Cheatsheet: What backpropagation is really doing
The one idea that matters
Section titled “The one idea that matters”backpropagation = compute the gradient (every knob's wish) in one backward sweep by passing "what each layer wants" back to the layer before itBackprop is not training. It is the gradient-computation step that gradient descent (L7) then uses.
Why not brute force
Section titled “Why not brute force”Nudging each knob and re-running the network would cost ~13,000 forward passes per image. Hopeless.
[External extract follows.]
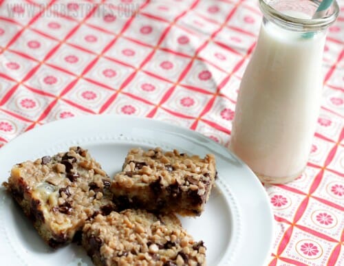 These Toffee Chocolate Chip Bars are super easy and you may not even need a trip to the store to pull them together based on what you’ve got in your pantry. A buttery crust is topped with chocolate chips, toffee bits, chopped nuts, and sweetened condensed milk, resulting in a delicious, gooey cookie bar that’s perfect for potlucks, gifting, or a quick weeknight treat!

Backprop gets all ~13,000 wishes at once, for about the cost of one extra pass.
The intuition, in four moves
Section titled “The intuition, in four moves”- Read the output’s wishes. Each output neuron wants to move toward its desired value. (Image is “3”: the “3” neuron wants up, an over-firing “4” wants down, the rest are roughly content.)
- Three ways to grant a wish (from the L3 neuron formula): raise the bias, raise weights on already-bright inputs, or wish the previous layer were more/less active.
- The third wish rolls backward. A neuron cannot set earlier activations directly, so its wish becomes a request to the previous layer. Summed over all neurons, each previous-layer neuron gets one net wish.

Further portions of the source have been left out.